* EXERCISE OBJECTIVE: Your answer must be an exact copy of the records below, with every picture left out.

* MATERIAL FOR THE TASK:
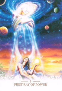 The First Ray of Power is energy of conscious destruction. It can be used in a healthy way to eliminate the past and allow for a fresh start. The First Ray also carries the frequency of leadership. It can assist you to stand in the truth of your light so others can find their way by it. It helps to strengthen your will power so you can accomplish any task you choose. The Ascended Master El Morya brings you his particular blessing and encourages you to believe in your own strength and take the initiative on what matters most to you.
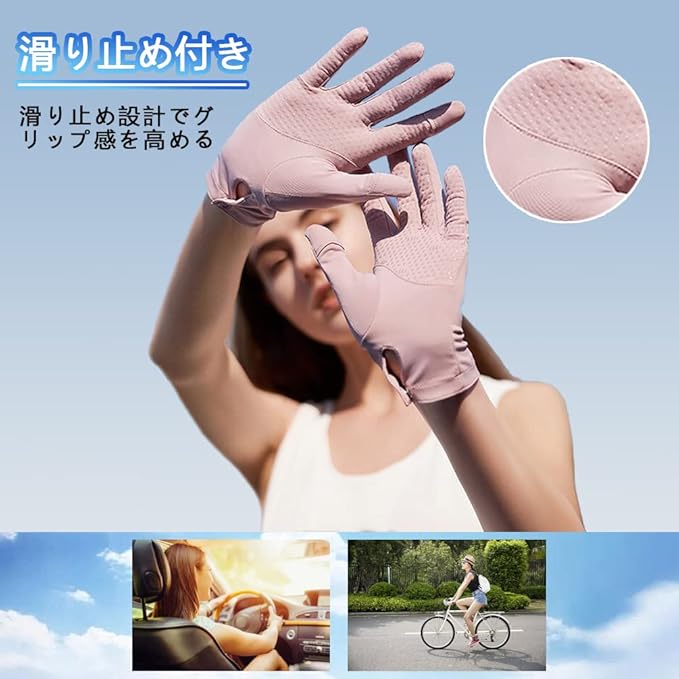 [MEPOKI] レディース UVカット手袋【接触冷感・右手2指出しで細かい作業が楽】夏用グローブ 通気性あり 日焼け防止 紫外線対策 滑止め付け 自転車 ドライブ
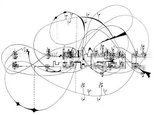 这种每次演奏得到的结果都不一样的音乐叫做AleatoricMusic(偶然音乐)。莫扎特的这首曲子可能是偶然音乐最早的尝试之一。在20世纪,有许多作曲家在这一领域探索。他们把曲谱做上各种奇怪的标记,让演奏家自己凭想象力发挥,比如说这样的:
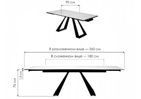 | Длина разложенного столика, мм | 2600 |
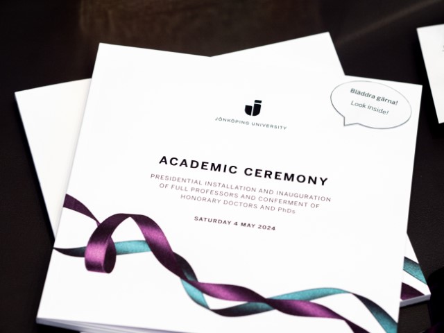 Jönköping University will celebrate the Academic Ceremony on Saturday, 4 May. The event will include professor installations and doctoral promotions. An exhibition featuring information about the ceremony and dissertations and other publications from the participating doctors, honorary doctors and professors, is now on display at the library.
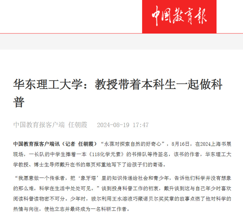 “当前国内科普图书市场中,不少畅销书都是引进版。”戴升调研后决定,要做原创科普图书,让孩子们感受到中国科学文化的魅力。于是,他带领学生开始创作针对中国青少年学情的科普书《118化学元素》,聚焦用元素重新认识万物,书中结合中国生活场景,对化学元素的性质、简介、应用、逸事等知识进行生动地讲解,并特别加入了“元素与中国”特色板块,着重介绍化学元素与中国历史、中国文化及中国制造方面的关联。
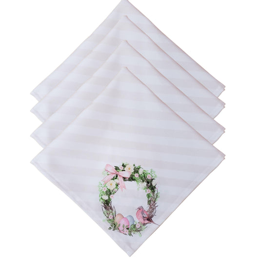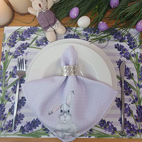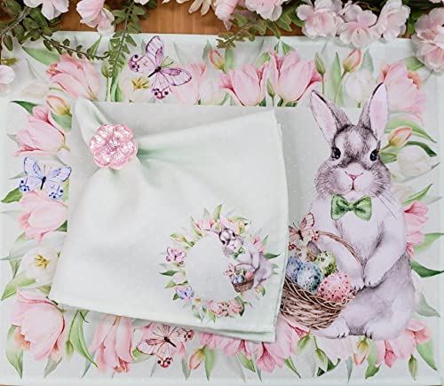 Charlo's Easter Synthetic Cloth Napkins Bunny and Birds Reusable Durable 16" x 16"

* COMPLETED TASK:
 The First Ray of Power is energy of conscious destruction. It can be used in a healthy way to eliminate the past and allow for a fresh start. The First Ray also carries the frequency of leadership. It can assist you to stand in the truth of your light so others can find their way by it. It helps to strengthen your will power so you can accomplish any task you choose. The Ascended Master El Morya brings you his particular blessing and encourages you to believe in your own strength and take the initiative on what matters most to you.
 [MEPOKI] レディース UVカット手袋【接触冷感・右手2指出しで細かい作業が楽】夏用グローブ 通気性あり 日焼け防止 紫外線対策 滑止め付け 自転車 ドライブ
 这种每次演奏得到的结果都不一样的音乐叫做AleatoricMusic(偶然音乐)。莫扎特的这首曲子可能是偶然音乐最早的尝试之一。在20世纪,有许多作曲家在这一领域探索。他们把曲谱做上各种奇怪的标记,让演奏家自己凭想象力发挥,比如说这样的:
 | Длина разложенного столика, мм | 2600 |
 Jönköping University will celebrate the Academic Ceremony on Saturday, 4 May. The event will include professor installations and doctoral promotions. An exhibition featuring information about the ceremony and dissertations and other publications from the participating doctors, honorary doctors and professors, is now on display at the library.
 “当前国内科普图书市场中,不少畅销书都是引进版。”戴升调研后决定,要做原创科普图书,让孩子们感受到中国科学文化的魅力。于是,他带领学生开始创作针对中国青少年学情的科普书《118化学元素》,聚焦用元素重新认识万物,书中结合中国生活场景,对化学元素的性质、简介、应用、逸事等知识进行生动地讲解,并特别加入了“元素与中国”特色板块,着重介绍化学元素与中国历史、中国文化及中国制造方面的关联。
 Charlo's Easter Synthetic Cloth Napkins Bunny and Birds Reusable Durable 16" x 16"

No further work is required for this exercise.